When you return the data, keep every line exactly as it is and leave out the pictures.

=== Section Start ===

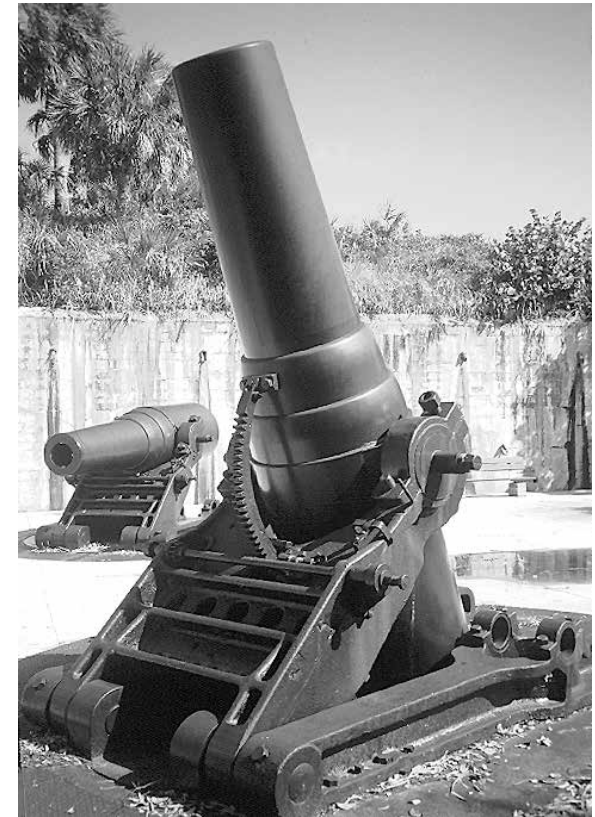
Two 12-inch Seacoast Artillery Mortars in Battery Laidley at Fort DeSoto County Park near St. Petersburg, Florida
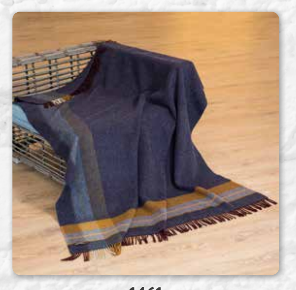
1461 Navy & Mustard Asymmetrical
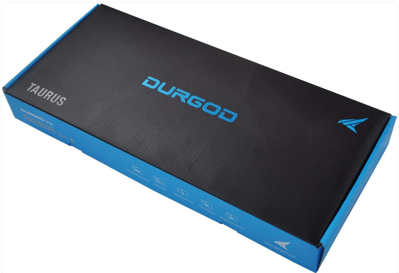
Image: The retail packaging box for the DURGOD Taurus K320 keyboard, indicating the product inside.
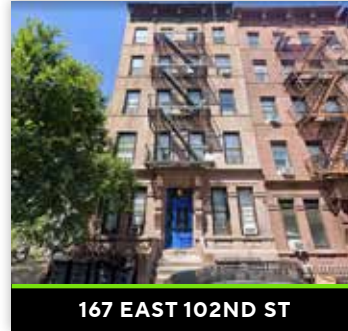
167 EAST 102ND ST
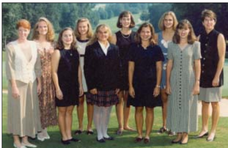
1997 (13th) The Scarlet Course Columbus, Ohio Host: Ohio State
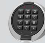
Electronic lock - Primor 3000 level 15
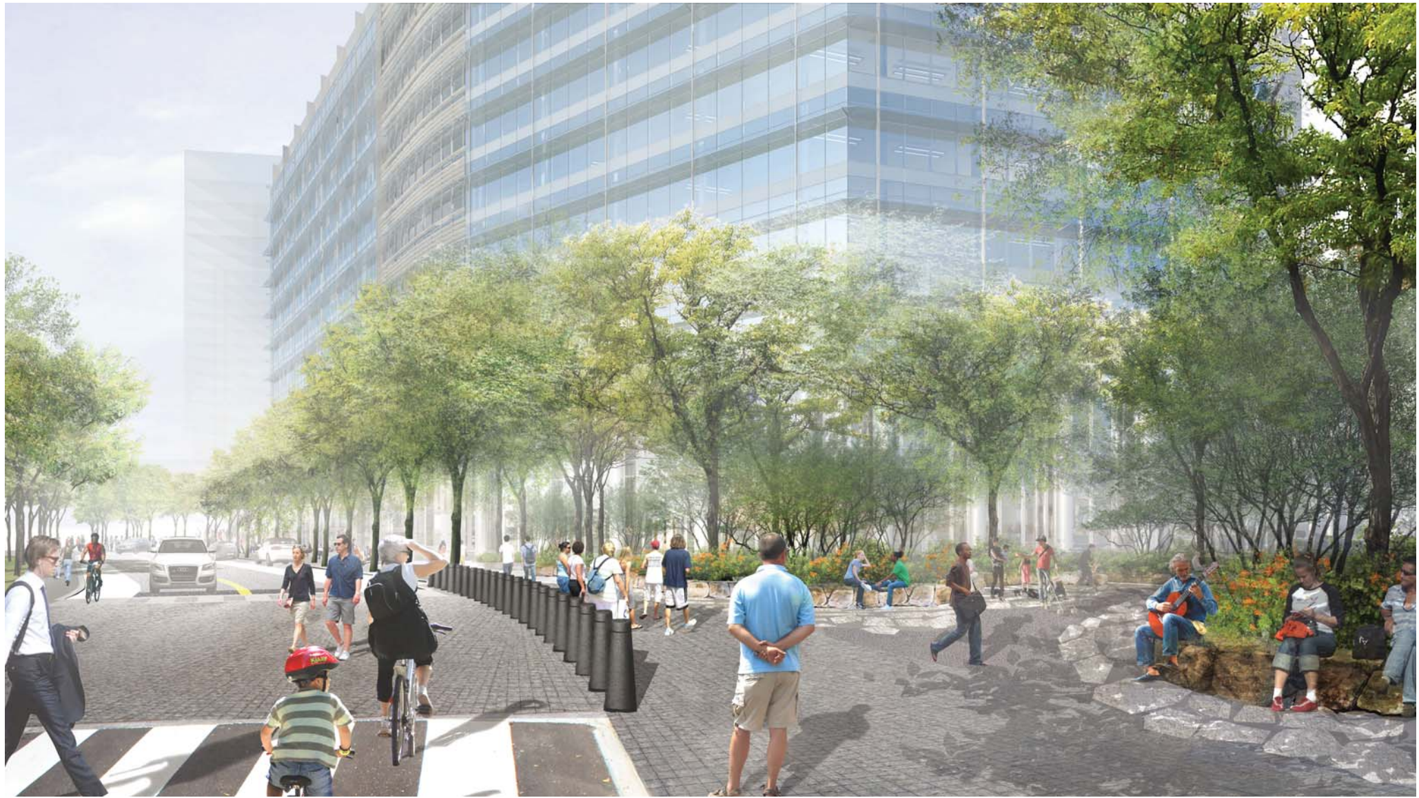
Proposed View Towards Building JK Entrance
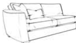
Large End Unit LH (available RH) H:88cm/35ins W:196cm/73ins D:102cm/40ins
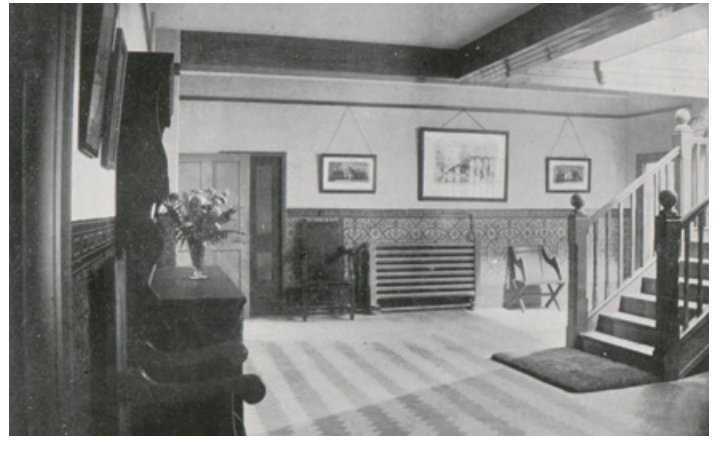
THE SCHOOL HALL AND STAIRCASE

The physical changes that took place at Twyford in that year are notable in that they form the epicentre of our daily life at Twyford today. Central Hall was created. It had been a dark, cramped and ill ventilated area containing the boot rooms and washroom. These were cleared away, the staircase installed, lit by new skylights and the high windows above. Serle's Hill was built as a sanatorium - we know the buildings better today as Pre-Prep – but it was never used for purpose as deemed too big and let instead as a private residence.
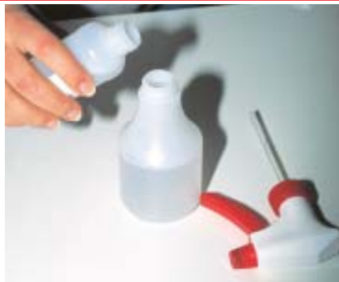
3) The kit includes deionized water for cleaning your parts. Zoopseal even comes with a spray bottle.
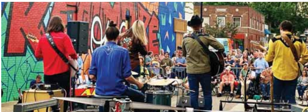
The Shootouts performing during Kenmore First Friday in 2022

Kenmore First Fridays are FREE and presented by Better Kenmore CDC, Kenmore Chamber of Commerce, and the County of Summit ADM Board, with additional support from Akron Civic Commons, Peg's Foundation, Apollo Supply Co, United Way, Kenmore Komics & Games, The City of Akron, The Summit FM, Portage Path Behavioral Health, and Thomas C. Loepp Law Offices. Event information will be posted as it becomes available at betterkenmore.org/first-friday .
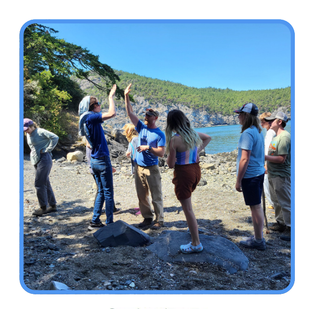
CONSERVATION D I S T R I C T

Fee for full-time residents: Free Fee for non-residents: $65
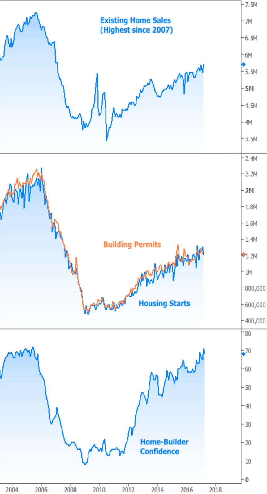
This Week's Housing Data
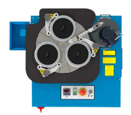
Open face version
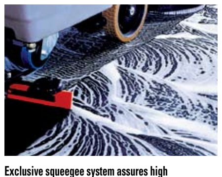
performance at low cost Incomparable drying results even on the most difficult surfaces thanks to a very unique design.

=== Section End ===

### RESPONSE:
Two 12-inch Seacoast Artillery Mortars in Battery Laidley at Fort DeSoto County Park near St. Petersburg, Florida
1461 Navy & Mustard Asymmetrical
Image: The retail packaging box for the DURGOD Taurus K320 keyboard, indicating the product inside.
167 EAST 102ND ST
1997 (13th) The Scarlet Course Columbus, Ohio Host: Ohio State
Electronic lock - Primor 3000 level 15
Proposed View Towards Building JK Entrance
Large End Unit LH (available RH) H:88cm/35ins W:196cm/73ins D:102cm/40ins
THE SCHOOL HALL AND STAIRCASE

The physical changes that took place at Twyford in that year are notable in that they form the epicentre of our daily life at Twyford today. Central Hall was created. It had been a dark, cramped and ill ventilated area containing the boot rooms and washroom. These were cleared away, the staircase installed, lit by new skylights and the high windows above. Serle's Hill was built as a sanatorium - we know the buildings better today as Pre-Prep – but it was never used for purpose as deemed too big and let instead as a private residence.
3) The kit includes deionized water for cleaning your parts. Zoopseal even comes with a spray bottle.
The Shootouts performing during Kenmore First Friday in 2022

Kenmore First Fridays are FREE and presented by Better Kenmore CDC, Kenmore Chamber of Commerce, and the County of Summit ADM Board, with additional support from Akron Civic Commons, Peg's Foundation, Apollo Supply Co, United Way, Kenmore Komics & Games, The City of Akron, The Summit FM, Portage Path Behavioral Health, and Thomas C. Loepp Law Offices. Event information will be posted as it becomes available at betterkenmore.org/first-friday .
CONSERVATION D I S T R I C T

Fee for full-time residents: Free Fee for non-residents: $65
This Week's Housing Data
Open face version
performance at low cost Incomparable drying results even on the most difficult surfaces thanks to a very unique design.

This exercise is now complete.